Something revealing happens by the next chorus: after the repetition that she wants both love and revenge, she states, “I don’t want to be friends.” It’s the first time in the song she nakedly states something she doesn’t want. It’s a brief moment of naked honesty, and GaGa immediately fears it. At once, she dives into French, as if backing off from this statement, baffling the listener away from truth.

Soon enough, though, she comes back to it, seeming to need to get it out. She repeats the line three times, and on the third repetition, she finally evinces emotion. Most of the song has been sung in an almost-monotone (with the exception of the chorus, whose vocal ranges from come-on to slight desperation). On the final, “I don’t want to be friends,” she actually shouts, underlining her entire intention of the song. She wants destructive love, but she doesn’t want to actually like this person.
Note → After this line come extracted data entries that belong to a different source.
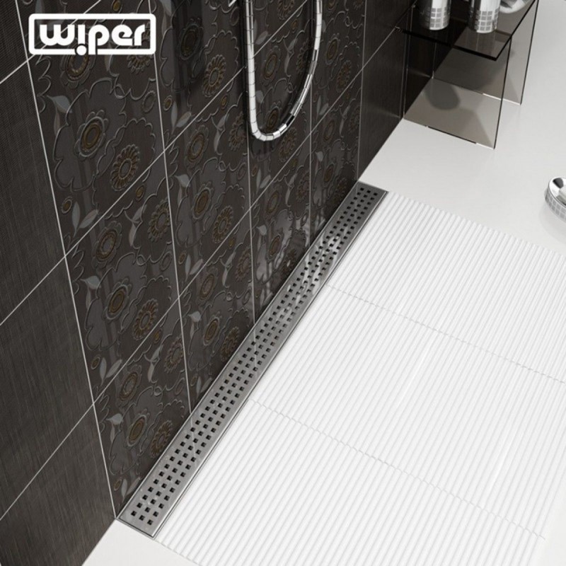 Wat betreft de doucheplaat met de Premium Ponente afvoer: het rooster en de flens zijn niet op hetzelfde niveau. Er is een verschil van 15 mm en het rooster zelf is de uiteindelijke look, omdat het niet mag worden bedekt met afwerkingsmateriaal. Dit is een perfecte afvoer voor tegelvloeren, met tegels van standaarddikte vanwege de lip, waardoor u de randen tussen de flens en de afdekking mooi en gemakkelijk kan afwerken. Ponente is een gewoon roestvrijstalen patroon zonder gaten, een stevige staaf van geborsteld staal.
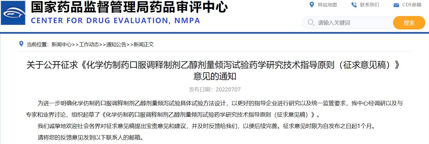關(guān)于公開征求《化學(xué)仿制藥口服調(diào)釋制劑乙醇劑量傾瀉試驗藥學(xué)研究技術(shù)指導(dǎo)原則(征求意見稿)》意見的通知
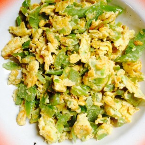 锅热后,放入一点点油!不要多!然后倒入苦瓜蛋液均匀摊平,小火翻炒,快熟时加点蚝油和一点盐,然后出锅
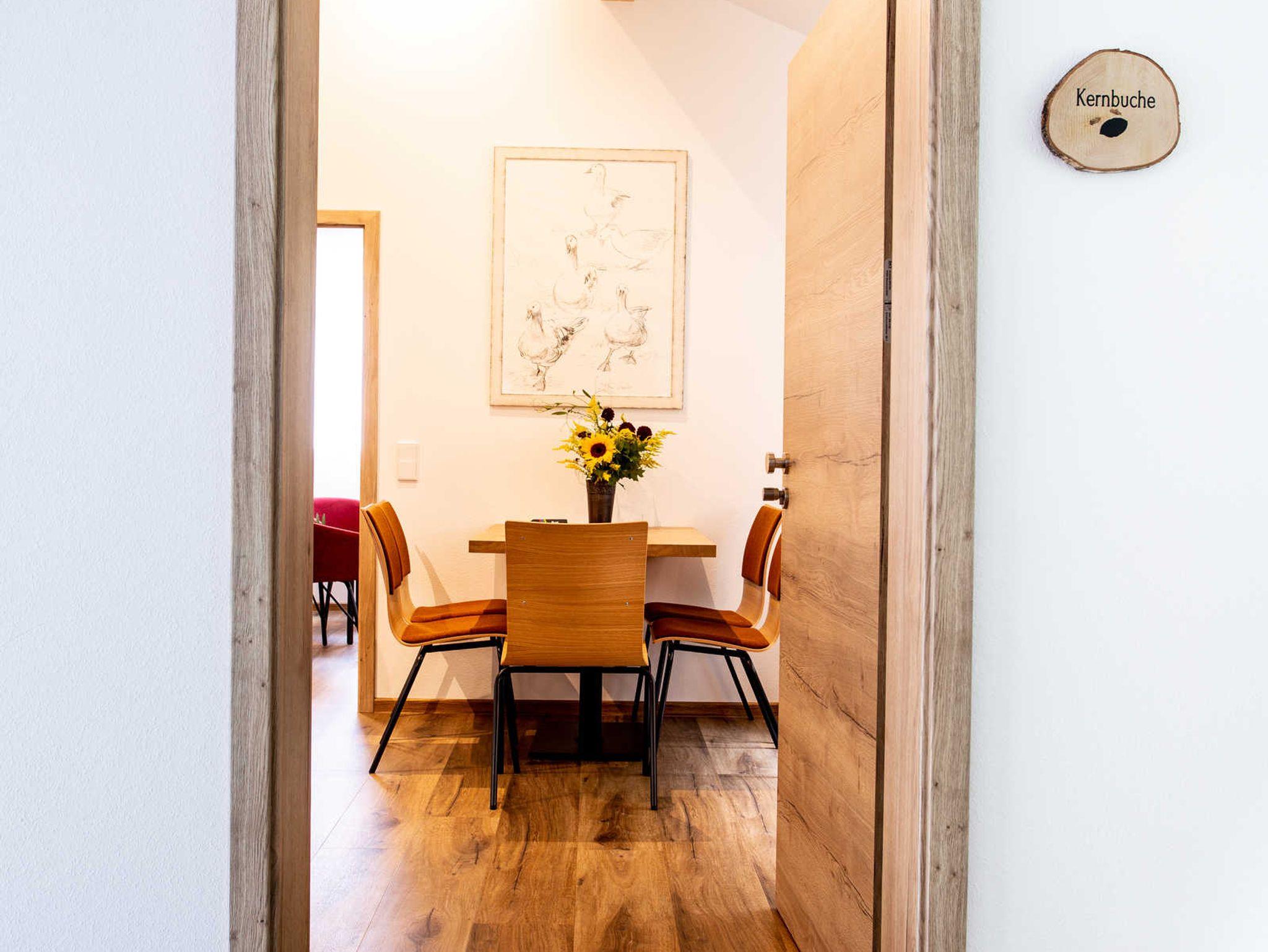 Die Kernbuche ist einer unserer schönen Wohnungen im Dachgeschoss. Sie hat zwei Schlafzimmer und eine größer ausgestattete Küche. So ist sie die perfekte Wohnung für eine Familie oder zwei Pärchen.

The whole song has led up to this moment, finally revealing GaGa’s true colors – she wants a theory of love tainted with versions of hate and pain. Real love, which requires you to be friends with the person you are in love with, is messier than her initial concepts of what makes romance “bad.” Immediately following this revelation, she falls back to her default position: “I want your bad romance.”
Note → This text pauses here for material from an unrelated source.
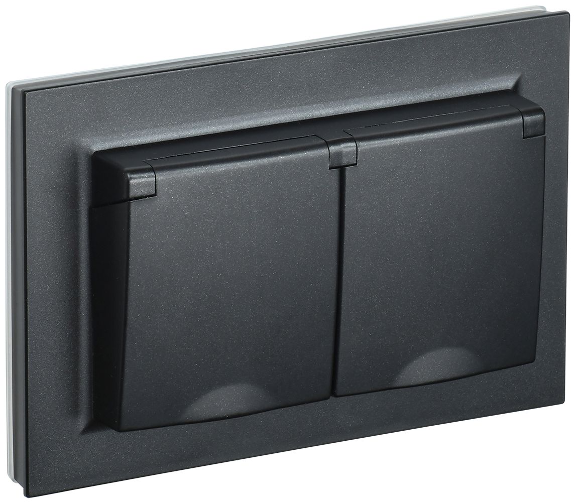 Отгружаем «BRITE Розетка двойная с заземлением с защитными шторками и крышкой 16А в сборе IP44 РСбш12-3-44-БрЧ черный» с оптовых складов, рынков и напрямую с заводов.
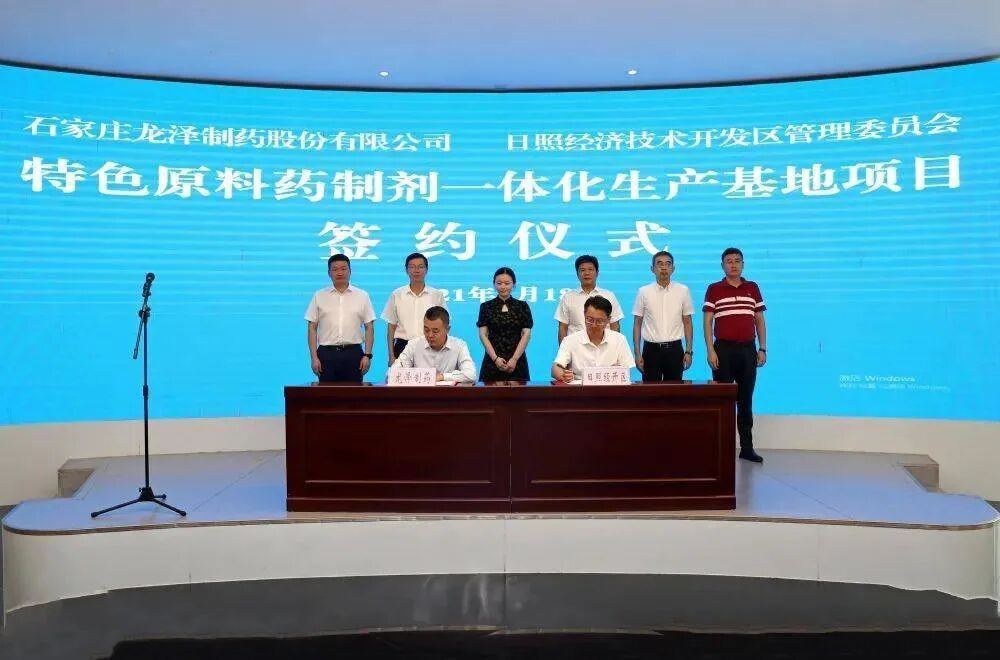 8月18日,日照经开区与龙泽制药股份有限公司签署协议,龙泽制药新建特色原料药制剂一体化生产基地项目落户日照经开区。该项目总投资20.32亿元,主要生产抗病毒、抗抑郁、抗神经痛等药物,全部达产后年销售收入将超过36亿元、利税超过10亿元。该项目的签约,是日照经开区培育壮大战略性新兴产业的又一重要突破,将有力促进日照经开区生物医药及大健康产业向高端化发展,也将为全区加快新旧动能转换和经济高质量发展注入强劲动力。

“Bad Romance” is a complicated, complex song, bursting with pop concepts that could have been the basis for four or five lesser songs. More, it’s deeper than it pretends to be; even flourishes like the way she slurs the word “hand” and the grunting sigh in the middle of the second verse are more interesting than they have any right to be. After the mediocre “Just Dance,” the trying-too-hard “Poker Face,” and the absolutely horrible “Love Games,” “Paparazzi” was a breath of fresh air. “Bad Romance” happily continues this trend. It’s not only Lady GaGa’s best single so far, it is also one of the best songs of the year.